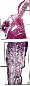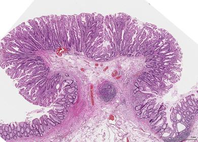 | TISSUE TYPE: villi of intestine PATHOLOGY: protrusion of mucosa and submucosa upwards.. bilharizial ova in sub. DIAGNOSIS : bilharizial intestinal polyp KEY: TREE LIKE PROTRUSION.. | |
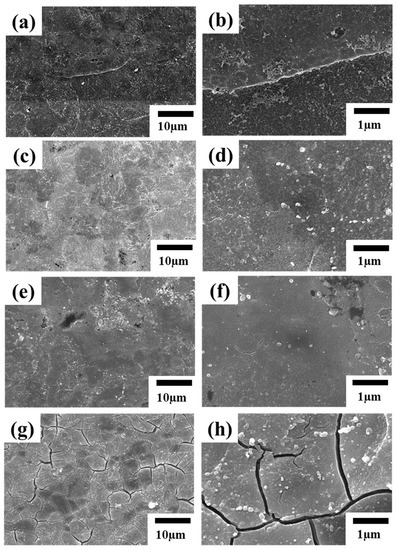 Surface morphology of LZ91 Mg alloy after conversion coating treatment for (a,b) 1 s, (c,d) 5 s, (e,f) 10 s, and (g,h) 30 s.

※ ※ ※

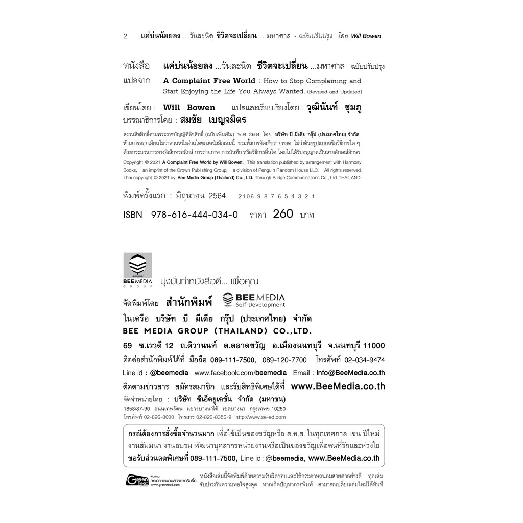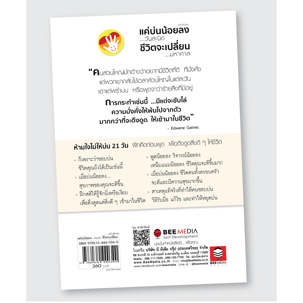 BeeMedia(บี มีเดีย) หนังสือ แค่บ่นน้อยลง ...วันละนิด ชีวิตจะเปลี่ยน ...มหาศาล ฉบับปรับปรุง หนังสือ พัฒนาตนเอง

※ ※ ※

- **What is being asked**: Within the material above, only the stretch from the line holding "PROTRUSION.. | |" through the line holding "Surface morphology of" is to be restated exactly. Pictures are dropped.

- **Response to the task**:
 | TISSUE TYPE: villi of intestine PATHOLOGY: protrusion of mucosa and submucosa upwards.. bilharizial ova in sub. DIAGNOSIS : bilharizial intestinal polyp KEY: TREE LIKE PROTRUSION.. | |
 Surface morphology of LZ91 Mg alloy after conversion coating treatment for (a,b) 1 s, (c,d) 5 s, (e,f) 10 s, and (g,h) 30 s.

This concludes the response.